Excerpted from “This I Remember” by Eleanor Roosevelt, published 1949.
“There are two kinds of snobbishness. That of the man who has had a good many opportunities and looks down on those who lack them is usually recognized by all. The other kind of snobbishness is rarely understood, yet it is real. It is that of the self-made man, who glories in his successes in overcoming difficulties and admires greatly people who have achieved the things he considers of importance. Governor Smith, for instance, had a great deal of respect for material success. He admired men who, like John Raskob, had made a success in business through their own efforts or who in some other way had made a name in the world in spite of modest beginnings. But he tended to look down on a man who had not met and conquered the situations he himself had a man like Franklin, who was content not to make a great deal of money so long as he had enough to live comfortably. Franklin had always been moderately wealthy, but Governor Smith couldnt believe that he could be as able as if he had been self-made. The fact that Franklin would spend money on a picture or on the first edition of a book but would economize on food and clothes and entertainment was hard for him to understand. Governor Smith always wore expensive clothes, because they indicated material success; he liked to eat in well-known restaurants; he liked good food and specially prepared dishes.
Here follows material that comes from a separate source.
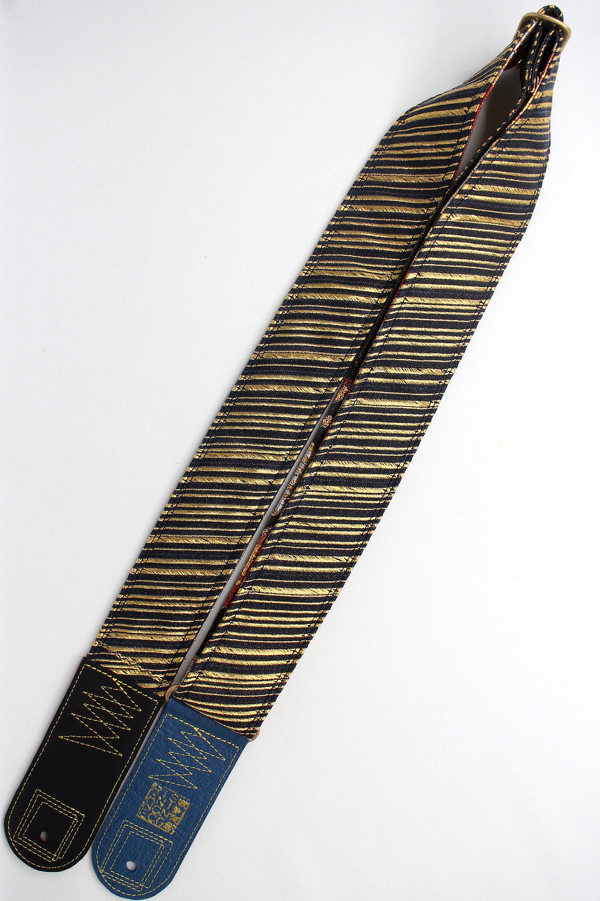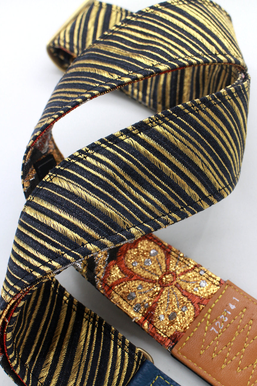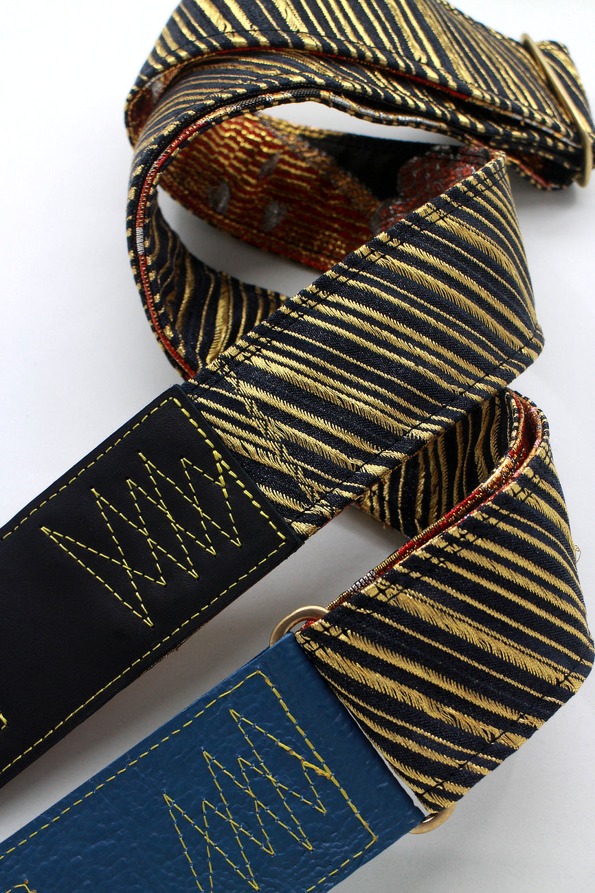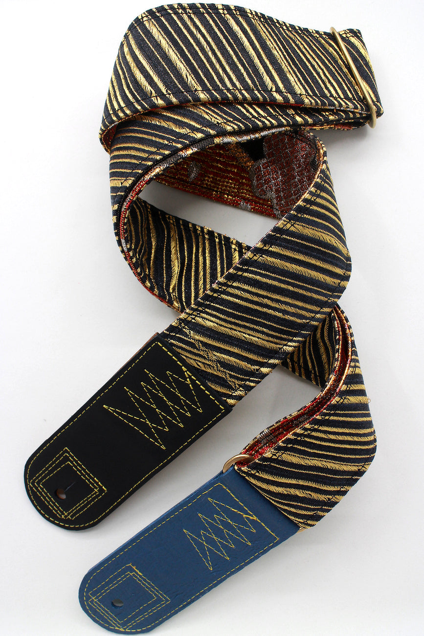 Unique and beautiful guitar strap [SC723141] - hand made in Japan from recycled silk woven kimono obi, leather and brass

When we went to Albany, [after Franklin was elected governor in 1929] the domestic staff in the Mansion was troubled because they felt they could not cater adequately for us. For instance, they had always had to make monumental desserts for the Smiths, and thought we would expect even grader dishes. They were greatly relieved when they learned that we ate very simple food- like our traditional scrambled eggs for Sunday-night suppers.
Franklin could see no sense in spending money in a restaurant when he had a home to eat in, and he had a lot of the little economies. For example, he never paid more than two dollars for a shirt, and boasted when he found he could get one for $1.50, and he never would buy more than two pairs of shoes, though he bought those and other things in England, as his father had. When we were first married, he asked me one day what I had done with a pair of shoes, and I said I had sent them to be soled. He thought I meant sold and was very angry. Not long ago, when I was cleaning out the big house after his death, I found a suit, which I gave to Jimmy, that his grandfather had bought in London and which had been kept all those years simply because it was ‘too good to throw away.’
Governor Smith did not understand that kind of economy. I always felt strongly that he had a defensive attitude, which arose, of course, from his consciousness that he lacked breadth of knowledge, for he was too intelligent not to know that he did not have a certain kind of cultural background. It often seemed to me that he said things which were contemptuous of academic knowledge simply to bolster his own sense of security.